Previous work has shown that transplantation of subcutaneous white adipose tissue (scWAT) from exercise-trained mice into sedentary mice improves metabolism, suggesting that exercise-trained scWAT might produce endocrine factors. A new study in Nature Metabolism identifies transforming growth factor-β2 (TGFβ2) as an exercise-induced adipokine that regulates metabolism.

The researchers first performed microarray analysis on scWAT from mice and humans before and after exercise training and identified TGFB2 as an upregulated gene. Furthermore, compared with sedentary participants, exercised-trained humans and mice had significantly higher serum concentrations of TGFβ2.

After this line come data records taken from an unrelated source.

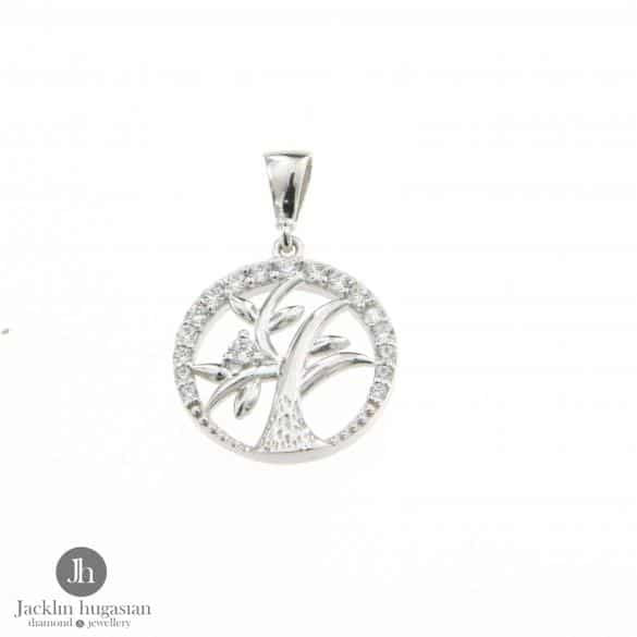 Висулка " Дърво на живота " от " Jacklin hugasian " в бяло злато,гланц с цирконии.Дължина висулка 1.6 см. , широчина 1.4 см.
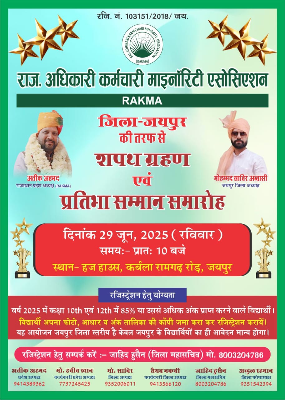रकमा प्रदेश कमेटी एवं जयपुर जिला कार्यकारिणी द्वारा सम्मान समारोह, जयपुर में 25 से 31 दिसम्बर 2025 के दरमियान आयोजित
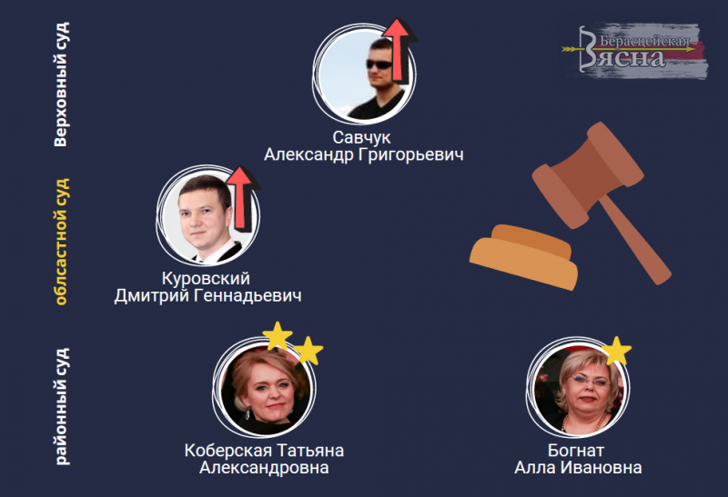 Например, Александр Савчук из судьи Брестского областного суда повышен до судьи Верховного суда. В качестве судьи облсуда Савчук занимался в том числе рассмотрением обжалований постановлений по ч.2 ст.19.11 КоАП (Распространение экстремистских материалов). Также Савчук в составе коллегии судей оставил без изменений приговор журналисту Сергею Гордиевичу (напомним, ему дали полтора года колонии).
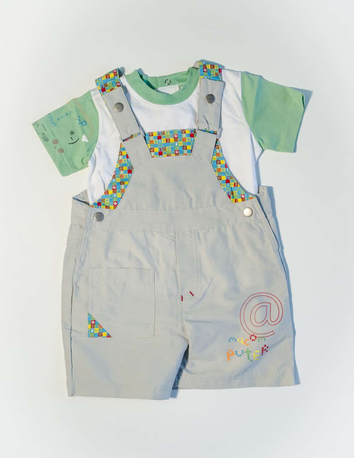 Dětský komplet krátkých kalhot a trička, zdobený potiskem.
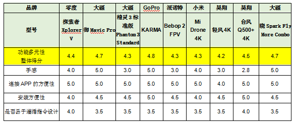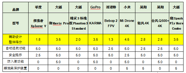 总评:小米“Mi Drone 4K”辅助设计表现最好,获评4.5分。派诺特“Bebop 2 FPV”和零度“探索者Xplorer V”表现较差,仅获评1.3分和1.8分。详见下表。
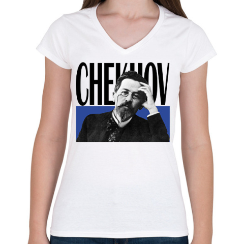 1 kép PRINTFASHION Chekhov - Önarckép - Női V-nyakú póló - Fehér
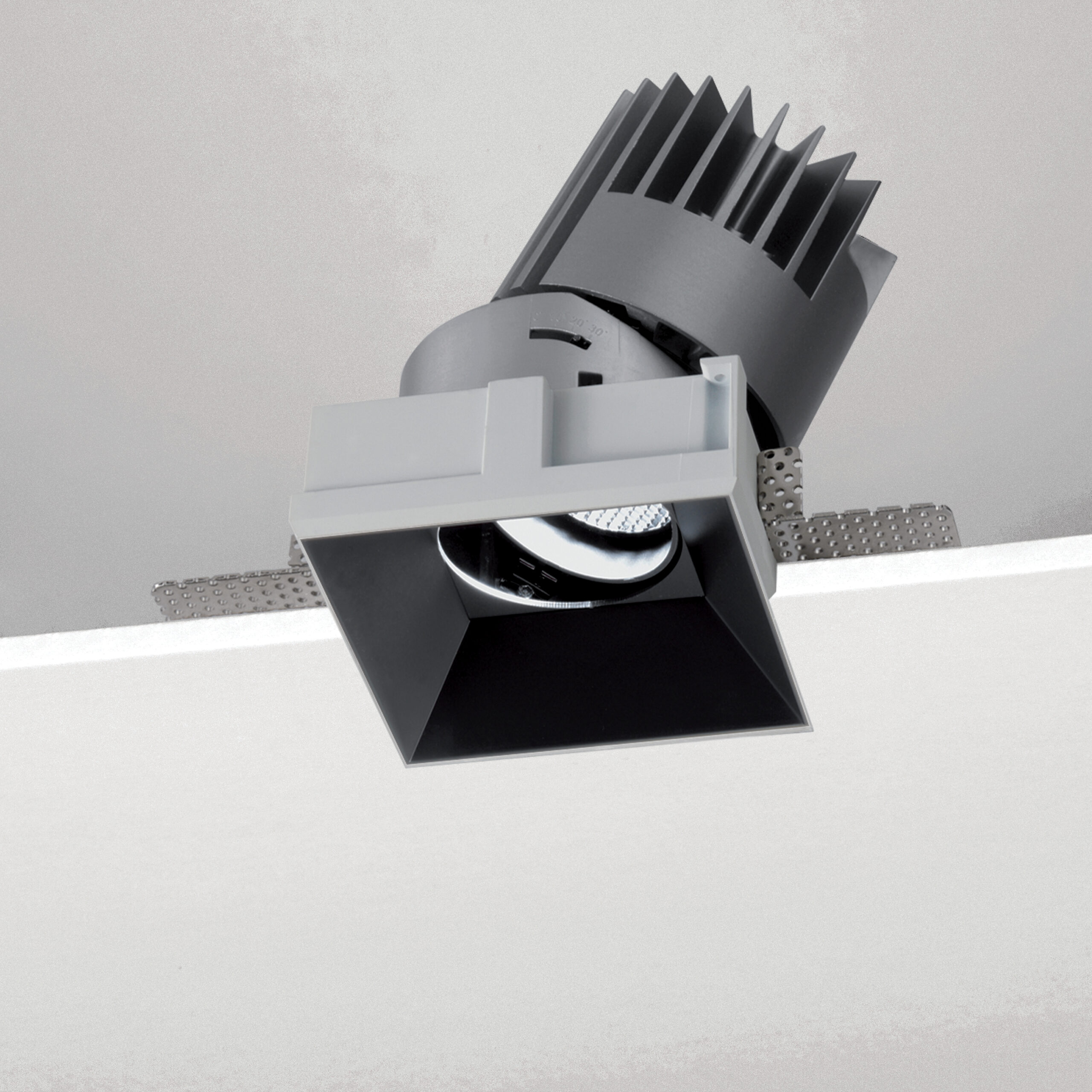 Incasso LED fisso o orientabile, tondo o quadrato, in n.5 misure, per installazione a soffitto. MM: LED COB CREE CRI>90. M0-M1-M2-M3: LED COB CITIZEN CRI>90 (range potenza: 4W-38W). Lifetime >50.000h (L70B10). Corpo in alluminio pressofuso. Modulo LED IP54 (M0-M1-M2-M3). Cornice in alluminio verniciato bianco con staffe di fissaggio regolabili. Riflettori in policarbonato disponibili in diverse finiture. Alimentatore incluso. Disponibili versioni dimmerabili e controllo remoto.

In vitro experiments using recombinant TGFβ2, TGFβ2 receptor inhibitors and cellular models of WAT, brown adipose tissue (BAT) and muscle suggested that TGFβ2 stimulates cellular uptake of glucose and fatty acids.

These findings were replicated in vivo, as mice that were fed a normal chow diet and infused with TGFβ2 using an osmotic pump had improved glucose uptake in mitochondria-enriched oxidative tissues, including muscle, BAT and heart. Moreover, TGFβ2 infusion improved metabolic parameters and body composition in obese mice that had been fed a high-fat diet (HFD). In addition, TGFβ2 treatment attenuated adipose tissue inflammation in HFD-fed mice.

Finally, microarray data revealed that lactate metabolic pathways were highly correlated with Tgfb2 expression. Injection of a lactate-lowering agent during exercise training could block the beneficial metabolic effects of TGFβ2 in mice.

This study has identified a previously undescribed function for TGFβ2 as an exercise-induced adipokine that regulates glucose and fatty acid metabolism. Moreover, the research has established a new mechanism of lactate–TGFβ2 signalling by which exercise training can modulate systemic metabolism. TGFβ2 might represent a new therapeutic target to treat obesity-induced insulin resistance.